For all his good intentions, the question provoked a ripple of despair that briefly withered her red face before she contained herself. For reasons George understood only too well, her fingertips then pressed each of her temples.
‘Get me cigarettes,’ she said. She lifted the empty pack that had been squashed in her right hand and flung it at the sofa. ‘I need a cigarette.’
He waited there, still feeling everything he had an instant before.
‘You didn’t say your name,’ he told her.
She made a face but succumbed, clearly regarding this as the price she had to pay.
‘Great,’ she said. ‘Great, George. I’m Lolly. Viccino.’ She turned away and let her head fall back against the wall. ‘I’m Lolly Viccino, and I’d love a cigarette.’
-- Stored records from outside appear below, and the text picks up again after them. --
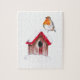 Handgezeichnete Illustration eines niedlichen Winterrobins, der bei Schneewetter auf seinem Haus sitzt.
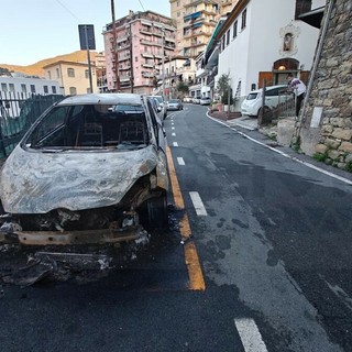 Auto a fuoco nella notte in via Dante Alighieri a Sanremo, l’incendio è scoppiato intorno alle due (Foto)
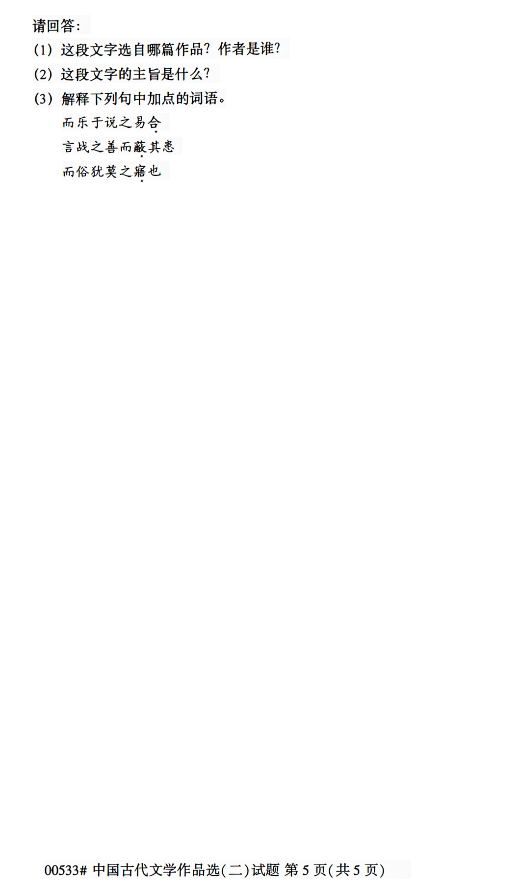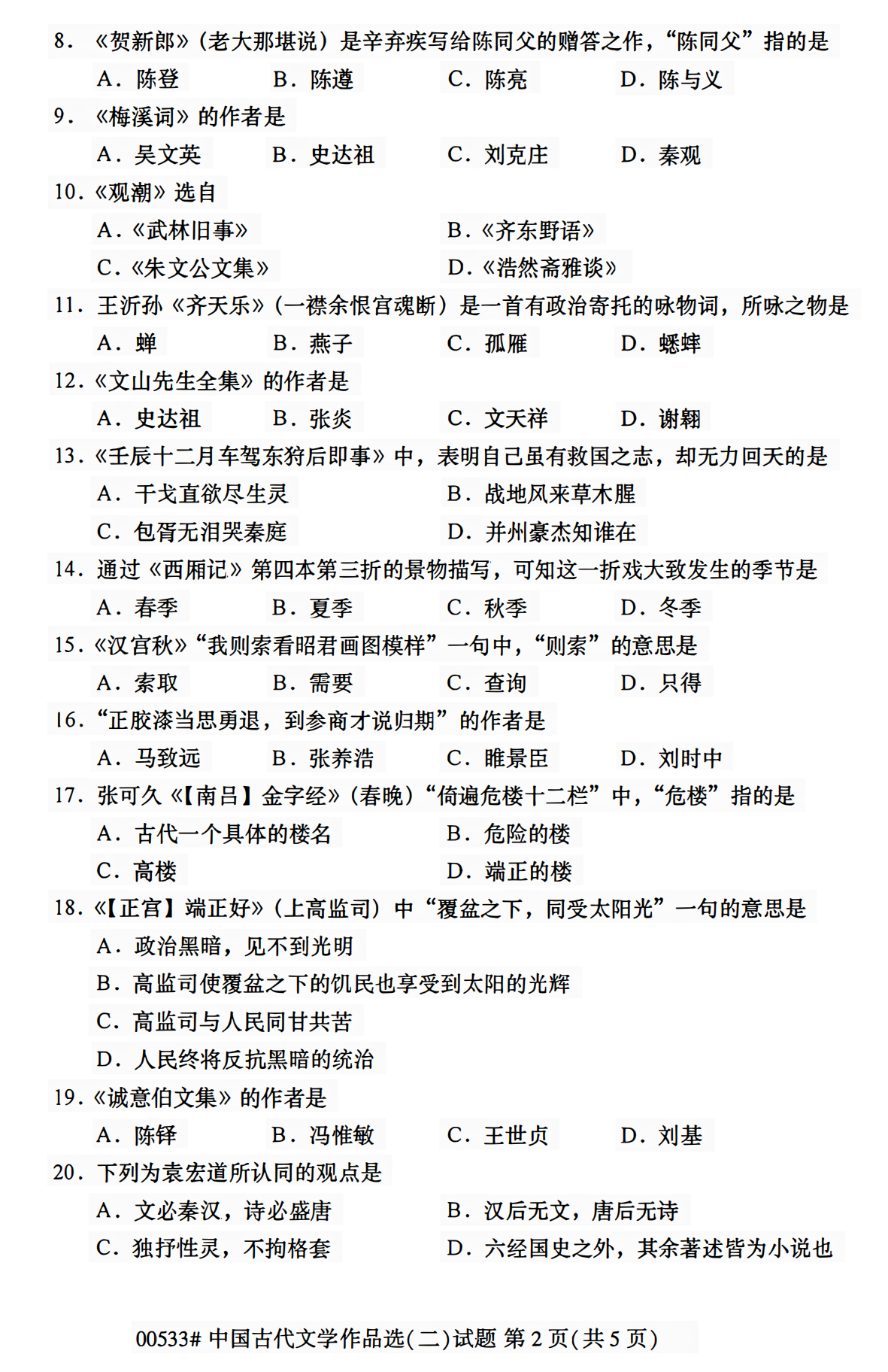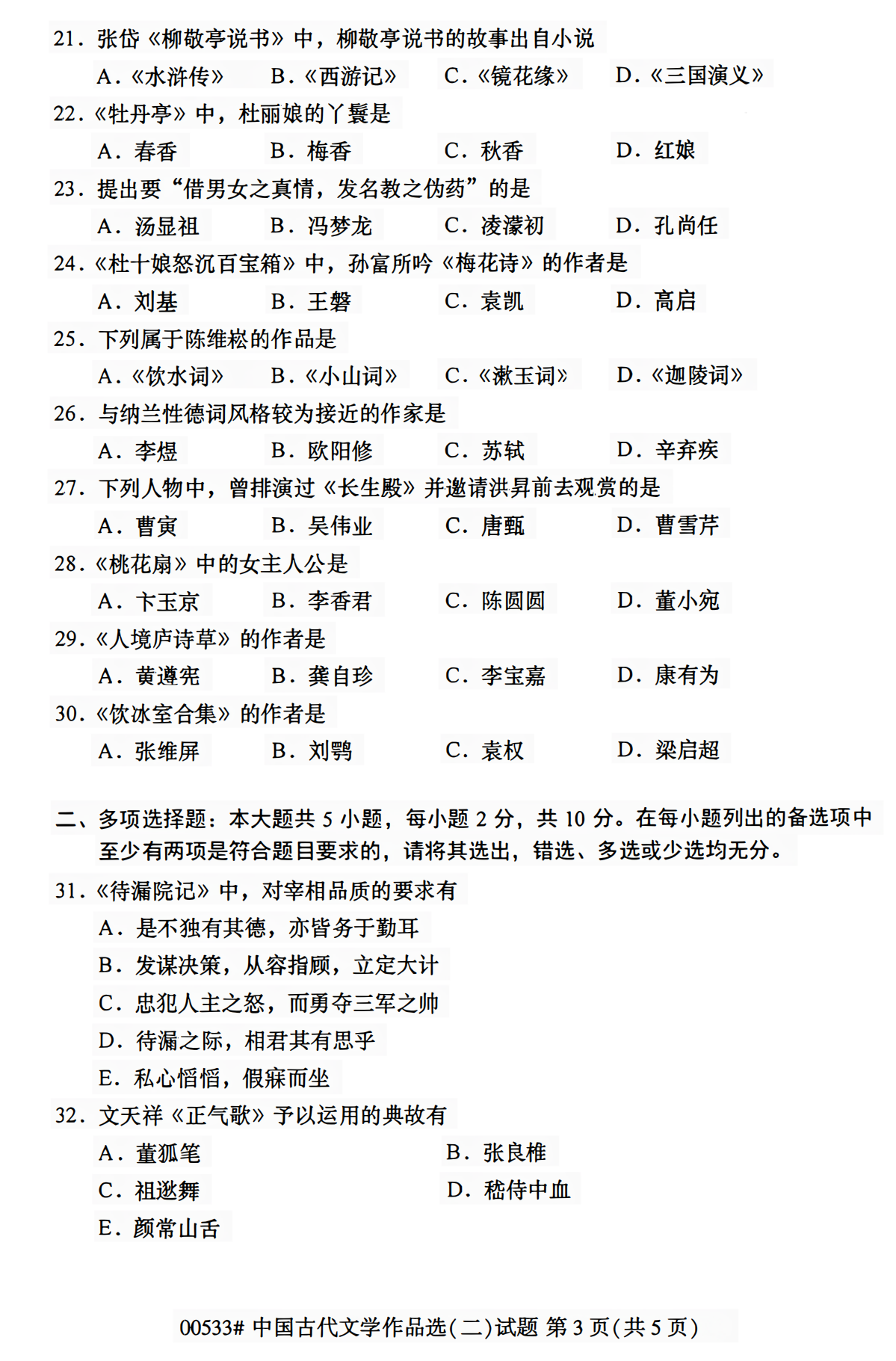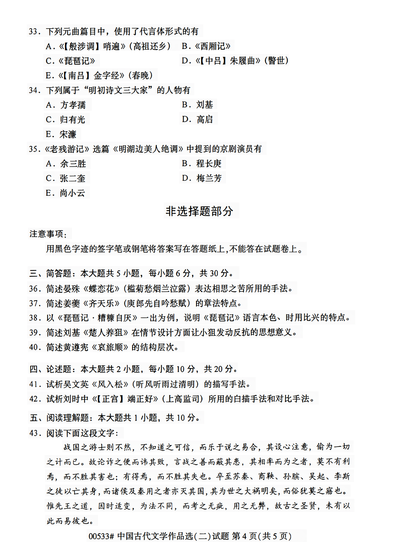 2023年4月浙江自考00533中国古代文学作品选(二)试题

As he sits recalling all of this, a clear image of the four boys from Glen Brae in the front row of the courtroom this morning returns to him. Their supporters and defense lawyers have trumpeted each young man’s good character over the years, and in their dark suits, their hair freshly trimmed, Sapperstein had done his best to make them look their parts. No amount of defense burnishing can really render Jacob Warnovits appealing. He is clearly a thug with a long disciplinary record, including four earlier arrests, in high school and college. But the other three defendants, all now with their B.A.s, have each had notable achievements. One, a junior Phi Beta Kappa at an eastern college, had been planning to join the staff of a local Congresswoman until his indictment. Another was the founder of a program to teach inner-city kids to ice skate, which he still runs as a volunteer. The last, up to the time of his conviction, worked on the athletic staff at the Mid-Ten university he’d attended on a hockey scholarship.
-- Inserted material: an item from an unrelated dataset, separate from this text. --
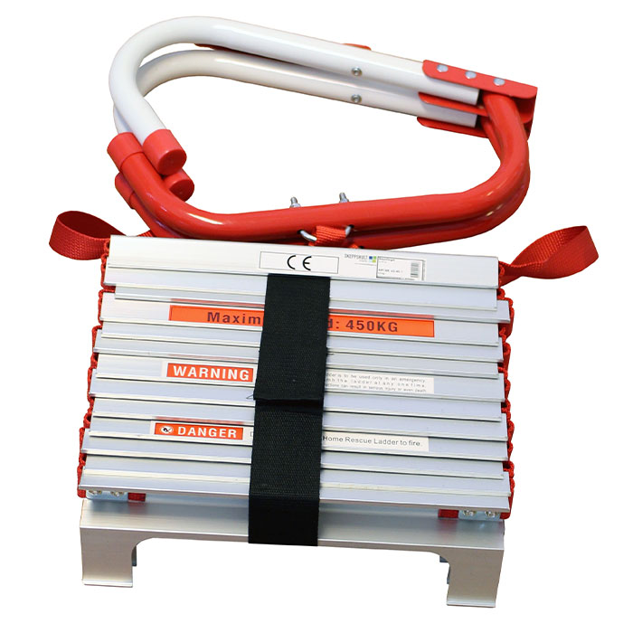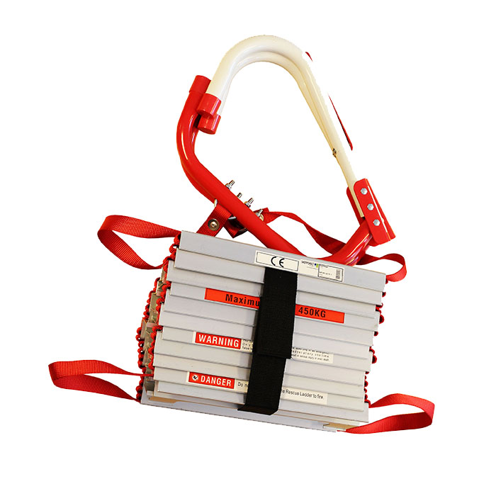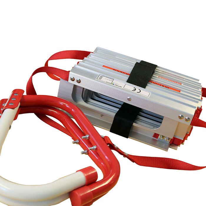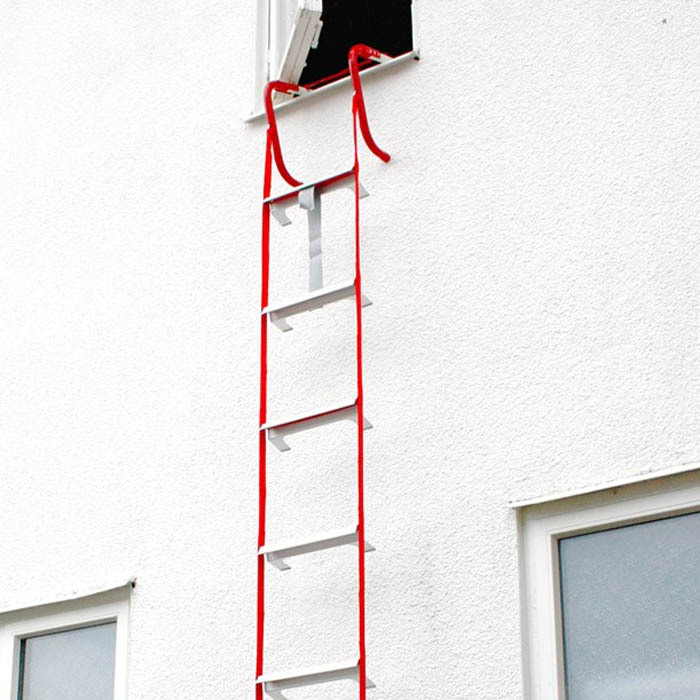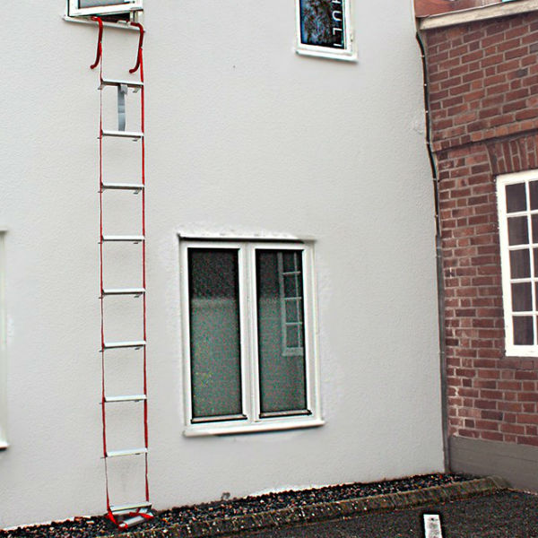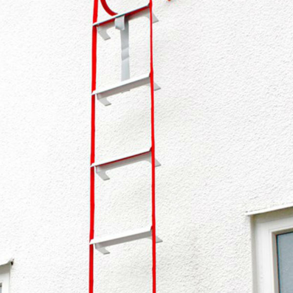 Denna repstege är en bra och billig livförsäkring som bör finnas i varje hem. Repstegen som är till för utrymning är tillverkad av aluminiumsteg med vävda flamsäkra PP-band. Stegen har en distans på 80 mm från fasaden. Man vecklar enkelt ut stegen med ett handgrepp. Stegen går att använda på väggtjocklekar mellan 230-300 mm.

From the bench, George had scrutinized the four. One young man was aging fast; his lank hair was thinning, and he had plumped up to the point that he no longer looked like an athlete. The judge hoped that was Warnovits, although he knew that nature seldom follows the design of justice. But the other three were handsome emblems of their potential, who watched their fates being argued with the quick, disbelieving eyes you might expect from anyone finding that one hour seven years ago still held the power to determine the rest of his life.
Seeing them in his mind’s eye, George draws the contrast to the young man in the dormitory library forty years before. Why assume his character was any better than theirs? Isn’t it likely that one of them—even all of them—felt some decent impulse, shame or caring for Mindy DeBoyer, in the aftermath? Not enough, of course, to set it right, to call an ambulance or her parents. But when they re-dressed her like a sleeping child, or bore her unconscious body down the stairs, is it possible that one or two did not respond to the warm weight of humanity?
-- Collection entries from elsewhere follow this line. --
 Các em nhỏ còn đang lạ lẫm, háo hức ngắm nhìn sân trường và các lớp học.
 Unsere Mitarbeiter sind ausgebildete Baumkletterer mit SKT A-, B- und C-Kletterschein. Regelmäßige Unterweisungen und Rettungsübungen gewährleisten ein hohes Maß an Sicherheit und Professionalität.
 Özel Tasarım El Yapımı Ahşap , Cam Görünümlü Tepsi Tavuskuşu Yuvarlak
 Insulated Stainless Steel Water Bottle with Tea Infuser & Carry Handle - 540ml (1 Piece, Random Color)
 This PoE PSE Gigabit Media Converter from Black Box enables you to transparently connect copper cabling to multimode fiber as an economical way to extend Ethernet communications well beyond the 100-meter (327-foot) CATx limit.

A sound interrupts, a chirping from his computer to signal the arrival of new e-mail. He and his sons exchange messages every night about their mother, her mood and her condition. A photo of the two boys together, each buoyant and handsome, is on his desk. Patrice and he had done this part very well, although even on this subject Patrice can’t resist occasional sarcasm. ‘Where did I go wrong?’ she asks whenever she confesses that both their sons are lawyers. Peter split the difference and practices construction law here in town. He recently became engaged. Pierce, the younger, is with a giant entertainment firm in L.A.
But as soon as the e-mail client opens, George sees that neither is his correspondent. The From and Subject lines bear the now familiar omens. The words of #1, buried after the returned-message notice, are “Good advice,” followed by the blue letters of another link. Clicking, George finds himself at the site of a well-known life insurance company. There the page header reads: “If you’re a married man, plan accordingly. Your wife is quite likely to live longer than you.”
George closes his eyes, trying to take in the fact that #1 has invaded his home. But for the moment that seems no worse than an annoyance. His spirit has not yet fully returned from Virginia forty years before, where, like a wandering ghost, it is still dumbly seeking Lolly Viccino.
7
THE CHIEF
WHEN GEORGE MASON drives into the Judges’ Section of the parking structure on Wednesday morning, Abel Birtz is waiting by the third-floor stairway to greet him. Abel appeared in the judge’s chambers late yesterday afternoon, about an hour after Marina left, heaping himself onto the green Naugahyde sofa in the reception area. ‘I’m your detail, Judge,’ he explained. George did his best to appear pleased.
‘Sorry you have to waste your time with this, Abel.’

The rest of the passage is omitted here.